-- EXERCISE PROMPT --
The records below are to be copied word for word, with every picture left out.

>>>

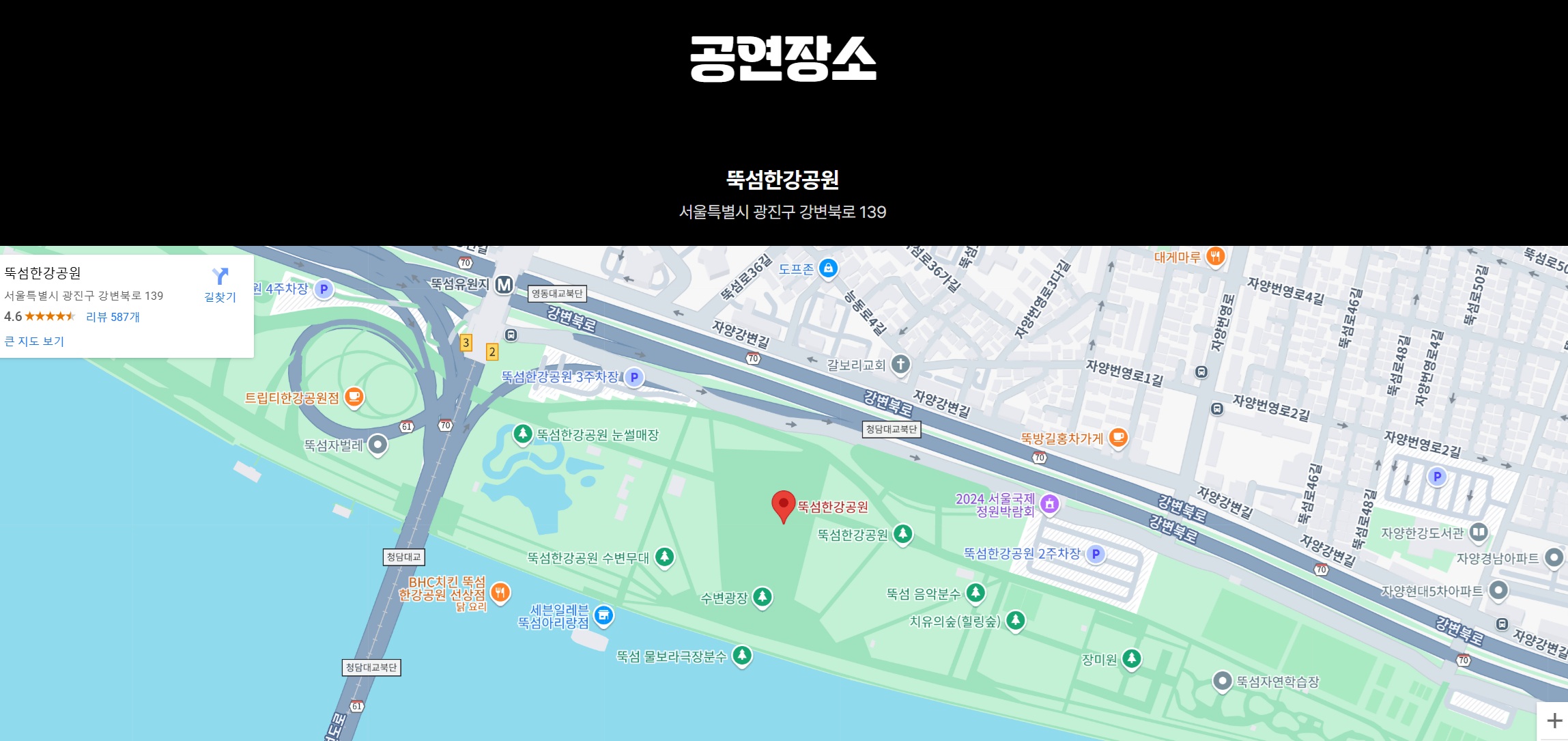 - 주차장 : 뚝섬주차장(유료, 500대 수용) ※18:00 이후 만차 주의
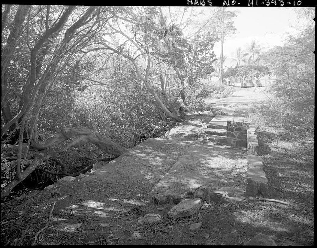 Pan American Airways/Naval Air Transport Service/destroyer base site at the east side showing walkway and building foundation. View facing west-northwest. - U.S. Naval Base, Pearl Harbor, Pearl City Peninsula, Pearl City, Honolulu County, HI
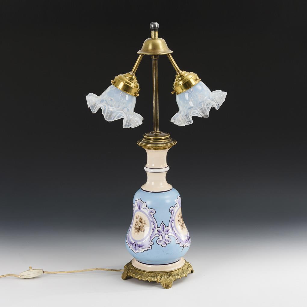 Vase-shaped body with blue base, purple rocaille cartouches with shaded flowers in sepia, top stem with 2 struts for the two 1-flame screw sockets, lampshades with pinched edge. Functional. 2 missing parts and few chips on the edge of the glass.
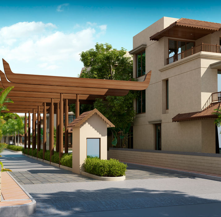 The architecture reflects a balanced fusion of traditional and contemporary influences. The exteriors of these two-storey 4 BHK homes express a strong vernacular character, while the interiors are kept minimal and functional to support everyday living.
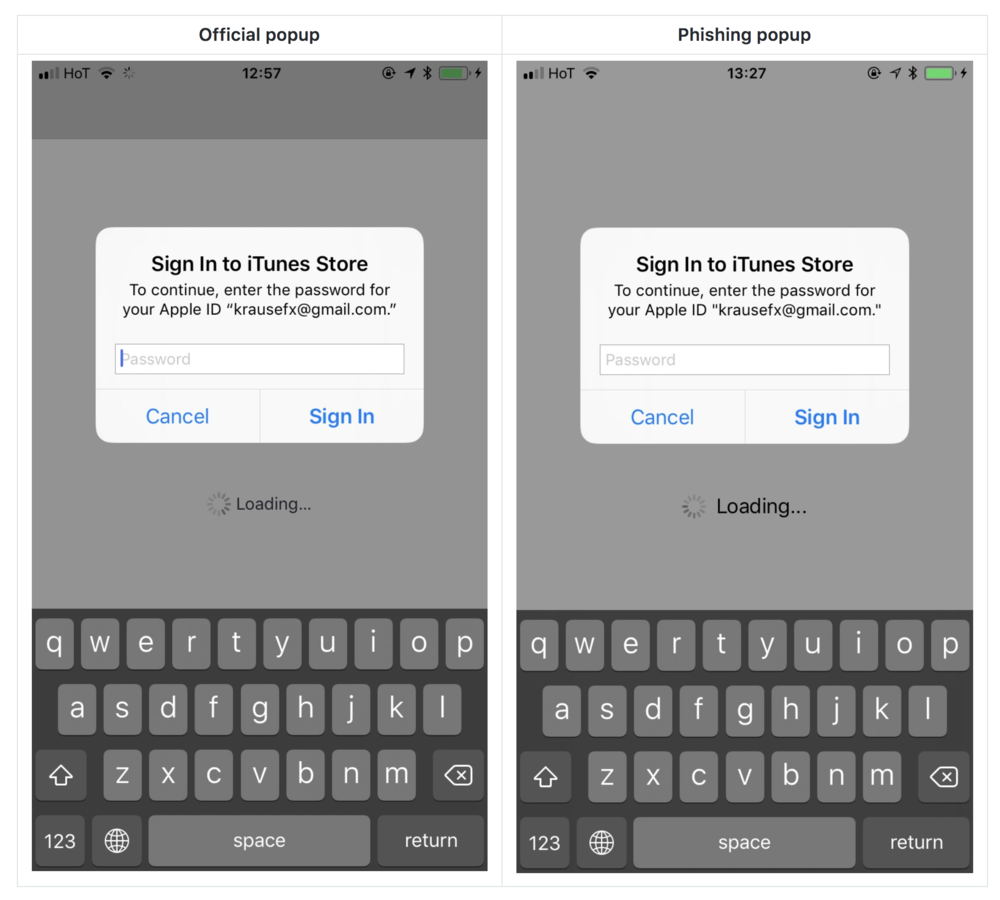 2017年10月15日使用iPhone和iPad的人都見過這個要求填寫Apple ID和密碼的視窗。一般人看到後就會填寫,根本沒想過背後的安全問題。但最近,一名叫做Felix Krause的開發者卻發現了一個漏洞:這樣的視窗任何開發者都能模擬,傻傻填寫的話訊息就泄漏啦。
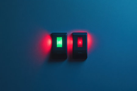 A close view of two light switches mounted on a wall. The green switch is illuminated, while the red switch shows an inactive status, creating a contrast in dim lighting.
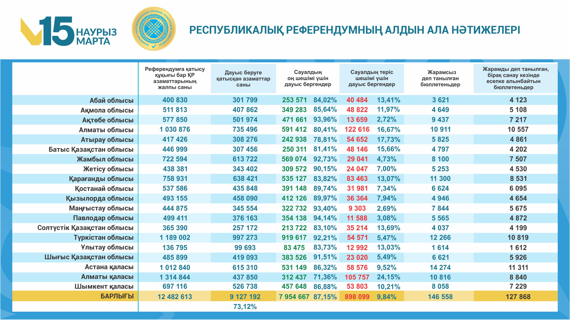 Алынған мәліметтерге сәйкес, референдумға қатысуға құқығы бар Қазақстан Республикасы азаматтарының жалпы саны 12 миллион 482 мың 613 адамды құрады.

<<<

-- OUTPUT FOR THIS TASK --
 - 주차장 : 뚝섬주차장(유료, 500대 수용) ※18:00 이후 만차 주의
 Pan American Airways/Naval Air Transport Service/destroyer base site at the east side showing walkway and building foundation. View facing west-northwest. - U.S. Naval Base, Pearl Harbor, Pearl City Peninsula, Pearl City, Honolulu County, HI
 Vase-shaped body with blue base, purple rocaille cartouches with shaded flowers in sepia, top stem with 2 struts for the two 1-flame screw sockets, lampshades with pinched edge. Functional. 2 missing parts and few chips on the edge of the glass.
 The architecture reflects a balanced fusion of traditional and contemporary influences. The exteriors of these two-storey 4 BHK homes express a strong vernacular character, while the interiors are kept minimal and functional to support everyday living.
 2017年10月15日使用iPhone和iPad的人都見過這個要求填寫Apple ID和密碼的視窗。一般人看到後就會填寫,根本沒想過背後的安全問題。但最近,一名叫做Felix Krause的開發者卻發現了一個漏洞:這樣的視窗任何開發者都能模擬,傻傻填寫的話訊息就泄漏啦。
 A close view of two light switches mounted on a wall. The green switch is illuminated, while the red switch shows an inactive status, creating a contrast in dim lighting.
 Алынған мәліметтерге сәйкес, референдумға қатысуға құқығы бар Қазақстан Республикасы азаматтарының жалпы саны 12 миллион 482 мың 613 адамды құрады.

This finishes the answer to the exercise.